MD/PhD Program Overview
Program objective: Offer graduate education and advanced research training in a specific discipline of the candidate’s choice to individuals who are currently pursuing an MD degree and who wish to develop a career as a clinician scientist.

The MD/PhD provides selected individuals the opportunity to acquire key benefits of a doctoral research program. These include:

(i) acquisition of expertise in depth in a particular discipline

(ii) development of critical thinking and experimental design skills

(iii) advanced, hands-on research training within their own individualized research project (iv) creation and publication of original knowledge in peer reviewed international journals.  Collectively these can provide the tools and experience necessary as a foundation for a subsequent independent research career in biomedical research.

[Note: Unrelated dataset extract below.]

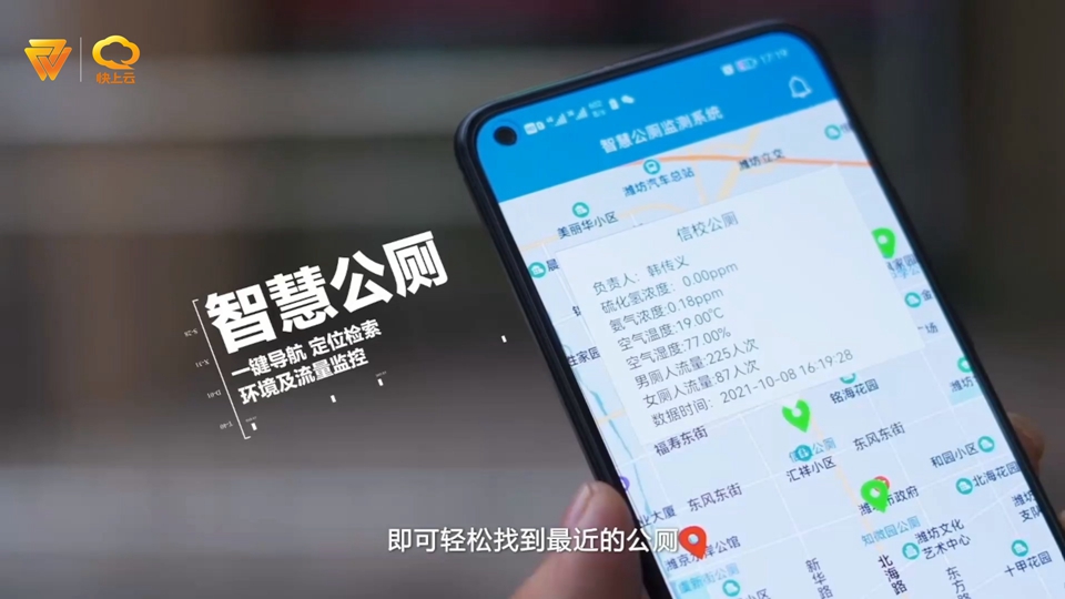 智慧公厕。潍坊上线公厕地图,将主城区655个24小时公厕和限时共享公厕在一张地图展现,为市民提供定位检索、一键导航服务。通过物联网设备,对公厕空气质量情况等进行监测并进行分析预警。

Research Training Opportunities:  Individuals in the MD/PhD program complete the requirements for two independent degrees. The MD component develops the skills necessary for a career in the practice of medicine.  The PhD component develops research skills and provides experience required for  biomedical research. 

How does it work? Trainees first complete the first two years of the undergraduate MD program, providing a broad background in medicine and biology. They then take a funded sabbatical from their MD studies to carry out a research based PhD. This can be conducted in any department at the University of Manitoba that offers a PhD program. When all experimental work, and usually the initial draft of the doctoral thesis are completed, trainees resume medical studies at third year MD training.

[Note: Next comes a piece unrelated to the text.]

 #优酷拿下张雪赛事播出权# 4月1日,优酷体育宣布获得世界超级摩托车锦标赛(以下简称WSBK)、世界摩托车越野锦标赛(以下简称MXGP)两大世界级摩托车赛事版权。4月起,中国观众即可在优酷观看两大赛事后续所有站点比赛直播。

The length required for PhD graduate training is variable, depending upon research proficiency and success, and is typically 3 to 5 years. Pursuit of graduate studies in some departments may require that candidates first register for the M.Sc. program then transition to the PhD program upon satisfactory progress in the first year. This neither extends the time nor experimental productivity required for the doctoral degree. We attempt to accommodate individual requirements, and different research plans, meaning that  variations on the above may be considered.

Eligibility: All candidates must be admitted to the MD program to be considered for the MD/PhD option.  Students currently enrolled in first or second year MD, or those who are admitted to Medicine during spring/summer to begin that September, are eligible to apply. A student must be acceptable to both the MD training program and to the Faculty of Graduate Studies to be offered admission to the MD/PhD Program. Medical students may apply up until February/March 1 of their second year.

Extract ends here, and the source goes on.